Аггеевский, как всегда, заключал и, как всегда, рубил наотмашь:
— Не много ль мы разглагольствуем о психологии сибирского крестьянина? Не заседание президиума губкома, а курсы политграмоты. Как пролетарии всех стран равны, так и эксплуататоры одинаковы. Кулак везде кулак, он наш непримиримый враг. Его можно задавить только силой. А ты нас пугаешь мятежом, Чижиков. Мы не пугливы! Да если поднимет голову эта мразь — раздавим беспощадно! Будем рубить до седла. — Аггеевский занес над головой правую руку и с силой опустил ее, будто и в самом деле кинул клинок на голову врага. — Не привыкать! Пусть враги трепещут и дрожат нашей мести…
В таких наступательных тонах выдержал Аггеевский всю свою речь. Чижиков выслушал упрек в мягкотелости по отношению к перерожденцам вроде Карасулина. Ответственный секретарь губкома взял под безоговорочную защиту продработников, наговорив им кучу комплиментов, и под конец предложил проголосовать резолюцию:
«1. Председатель губчека т. Чижиков в своем докладе сгустил краски, сместил центр тяжести, проявил недопустимую растерянность и элементы паники. Политическое положение в губернии не вызывает особой тревоги. Всякие разглагольствования о готовящемся антисоветском мятеже — провокационные вражеские слухи.
2. Одобрить линию губпродкома на досрочное завершение хлебной разверстки к 1 января 1921 года. Обязать все партийные комитеты и ячейки РКП (б) оказывать в этом продорганам всяческое содействие…»
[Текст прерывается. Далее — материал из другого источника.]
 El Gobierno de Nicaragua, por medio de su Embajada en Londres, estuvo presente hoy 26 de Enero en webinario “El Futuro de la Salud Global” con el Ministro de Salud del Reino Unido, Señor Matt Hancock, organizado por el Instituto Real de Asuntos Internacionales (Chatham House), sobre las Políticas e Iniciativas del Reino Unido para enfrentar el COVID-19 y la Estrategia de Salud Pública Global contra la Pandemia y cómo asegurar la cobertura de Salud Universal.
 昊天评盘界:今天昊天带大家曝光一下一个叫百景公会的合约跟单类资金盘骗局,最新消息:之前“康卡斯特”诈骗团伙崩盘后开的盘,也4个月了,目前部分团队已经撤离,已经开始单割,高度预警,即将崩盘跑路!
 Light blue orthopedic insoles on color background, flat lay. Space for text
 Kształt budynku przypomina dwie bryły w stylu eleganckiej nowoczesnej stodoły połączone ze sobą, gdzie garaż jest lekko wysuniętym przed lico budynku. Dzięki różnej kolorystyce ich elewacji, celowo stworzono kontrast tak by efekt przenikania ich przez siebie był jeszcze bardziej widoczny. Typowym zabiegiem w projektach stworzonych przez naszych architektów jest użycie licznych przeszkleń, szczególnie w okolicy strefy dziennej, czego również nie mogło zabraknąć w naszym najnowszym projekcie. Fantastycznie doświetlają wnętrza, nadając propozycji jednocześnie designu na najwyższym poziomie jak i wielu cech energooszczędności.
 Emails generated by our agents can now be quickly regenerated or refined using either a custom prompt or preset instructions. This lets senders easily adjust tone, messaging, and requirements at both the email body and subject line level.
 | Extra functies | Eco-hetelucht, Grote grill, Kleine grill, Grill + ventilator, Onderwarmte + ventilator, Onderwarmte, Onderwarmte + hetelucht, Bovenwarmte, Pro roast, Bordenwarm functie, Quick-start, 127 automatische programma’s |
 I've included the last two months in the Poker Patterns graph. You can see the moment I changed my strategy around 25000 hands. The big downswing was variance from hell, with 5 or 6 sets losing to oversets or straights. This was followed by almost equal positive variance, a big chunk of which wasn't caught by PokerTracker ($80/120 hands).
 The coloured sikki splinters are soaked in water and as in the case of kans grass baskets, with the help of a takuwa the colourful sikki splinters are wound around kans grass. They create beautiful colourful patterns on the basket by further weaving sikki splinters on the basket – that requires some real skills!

С той минуты, как резолюцию с незначительными поправками проголосовали, Чижиков вроде бы и не присутствовал на заседании президиума. «Что происходит?» — снова и снова спрашивал себя. Кто заблуждается — он или Пикин, Аггеевский, Водиков? Если они правы, ему, Чижикову, нечего делать на посту председателя губчека, а если прав он?..
2
Чижиков никак не мог подстроиться в ногу с Новодворовым: очень уж широко тот шагал, еле приметно при этом взмахивая правой рукой. За весь путь он ни разу не поворотился к спутнику, не посмотрел на него, не обмолвился словом. Только подойдя к воротам аккуратного домика, обронил: «Вот и дошли» — и, толкнув калитку, пропустил гостя в маленький, тщательно расчищенный от снега дворик. Из сеней выкатилась клубком белая пушистая лайка и с радостным взвизгом запрыгала на задних лапах вокруг Новодворова, норовя лизнуть хозяйскую руку, которая ласково трепала собаку по загривку, гладила по голове.
— Приветливый пес, — проговорил Чижиков.
— Весь в хозяина, — улыбнулся Новодворов. — Проходи, пожалуйста. Аннушка радешенька будет. Она ведь с Дзержинским работала, да вот подкосила хворь.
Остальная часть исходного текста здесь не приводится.